The following tools were also used during the construction;

§           Hand saws (crosscut saw and ripsaw).

§           Jack plane.

§           Wood chisel.

§           Mallet.

§           Hammer.

§           Pinch bar and pincers.

The construction was made with simple butt joints using nails as fasteners and glue (adhesive) where necessary. The construction was sequenced as follows for the wood work.

§           Marking out on the planks to cut into desired shape.

§           Cutting out the already marked out parts.

§           Planning of cut out parts to smoothen the surfaces.

§           Joining and fastening of the cut out parts with nails and glues.

The metal sheet used was mild steel of 1mm thickness. It was cut to the size of 80 × 60cm to minimize the top heat loss. It was painted black with tar for maximum absorption and radiation of heat energy.
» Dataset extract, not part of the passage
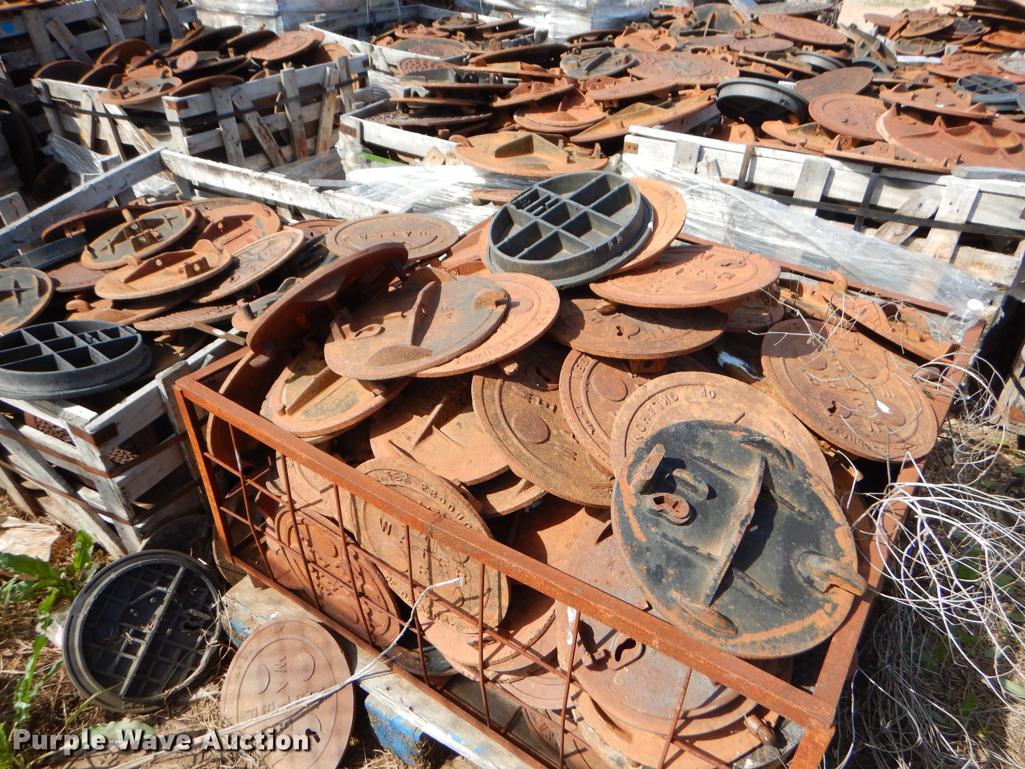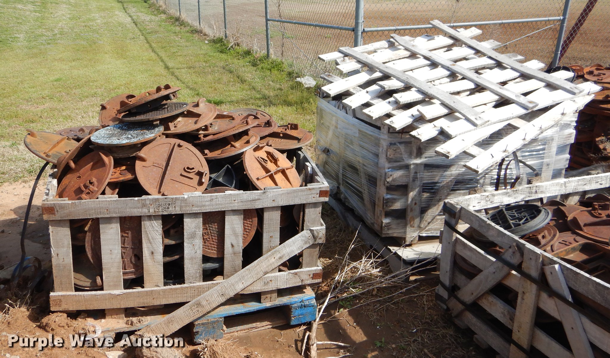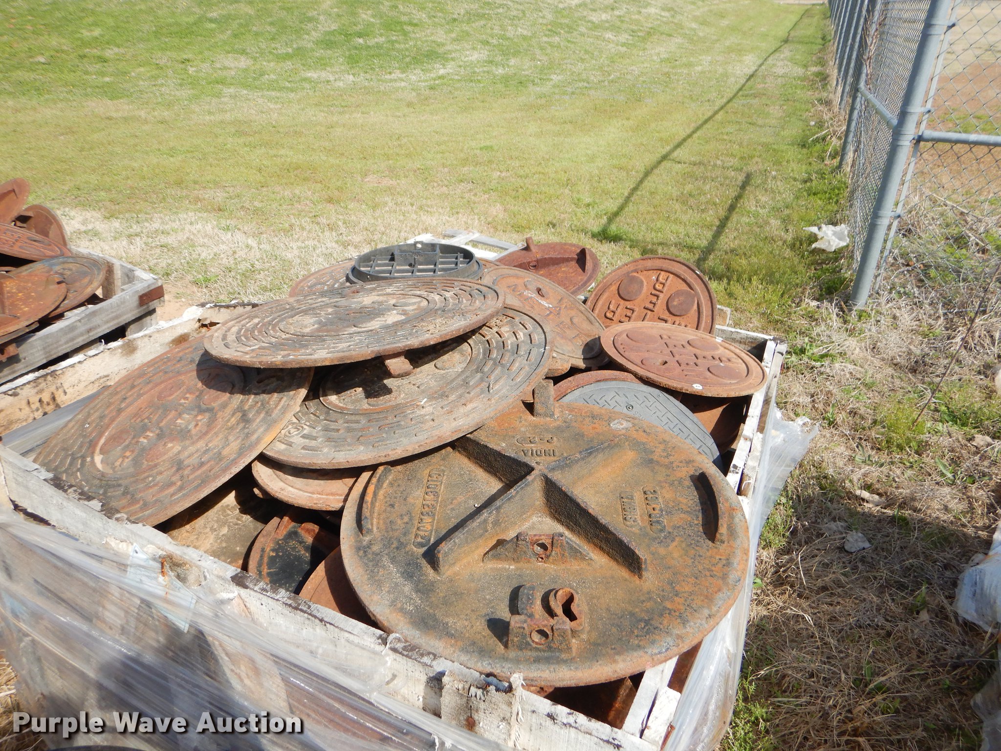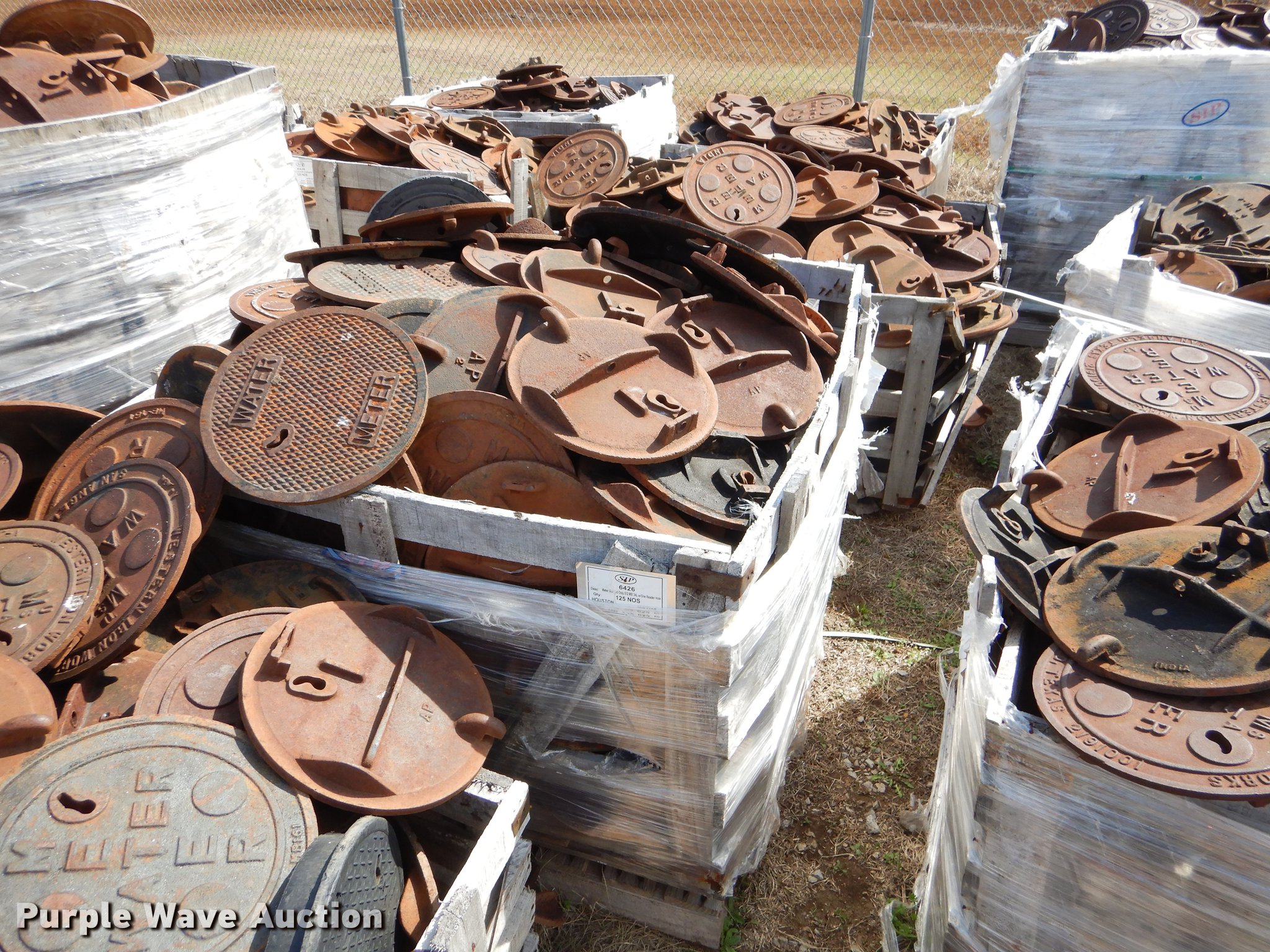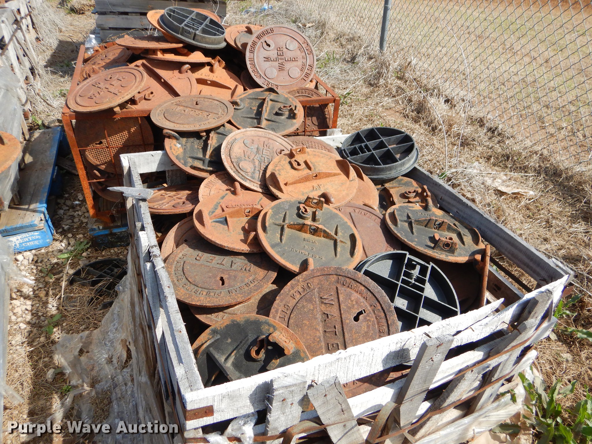 Purple Wave is selling a used Tools in Oklahoma. This item is a Water meter lids with the following: 12" to 21", Approx. 48 40" x 40" x 24" containers

The metal sheet, together with the insulator of 7cm thickness, was placed inside the air heater (solar collector) compartment.

The glass was cut into size of 60 × 60cm size and two of these were required. One as the solar collector’s cover, and the other, as the drying cabinet cover. The glass used was clear glass with 4 mm thickness.

The trays were made with wooden frames and net cloth to permit free flow of air within the drying cabinet (chamber). Four trays were used with average of 10cm spacing arranged vertically one on top of the other, the tray size was 56 × 52cm.

The interior of the solar food dryer was painted black with tar to promote adsorption of heat energy while the exterior was painted gray to minimize the adverse effects of weather and insect attack on the wood and also for aesthetic appeal.





Solar radiation can be effectively and efficiently utilized for drying of agricultural produce in our environment if proper design is carried out. This was demonstrated and the solar dryer designed and constructed exhibited sufficient ability to dry agricultural produce most especially food items to an appreciably reduced moisture level.

Locally available cheap materials were used in construction making it available and affordable to all and sundry especially peasant farmers. This will go a long way in reducing food wastage and at the same time food shortages, since it can be used extensively for majority of the agricultural food crops. Apart from this, solar energy is required for its operation which is readily available in the tropics, and it is also a clean form of energy. It protects the environment and saves cost and time spent on open sun drying of agricultural produce since it dries food items faster. The food items are also well protected in the solar dryer than in the open sun, thus minimizing the case of pest and insect attack and also contamination.

However, the performance of existing solar food dryers can still be improved upon especially in the aspect of reducing the drying time and probably storage of heat energy within the system. Also, meteorological data should be readily available to users of solar products to ensure maximum efficiency and effectiveness of the system. Such information will probably guide a local farmer on when to dry his agricultural produce and when not to dry them.





The Authors expresses their gratitude to Mr. Moses for fabricating and assisting in testing the machine.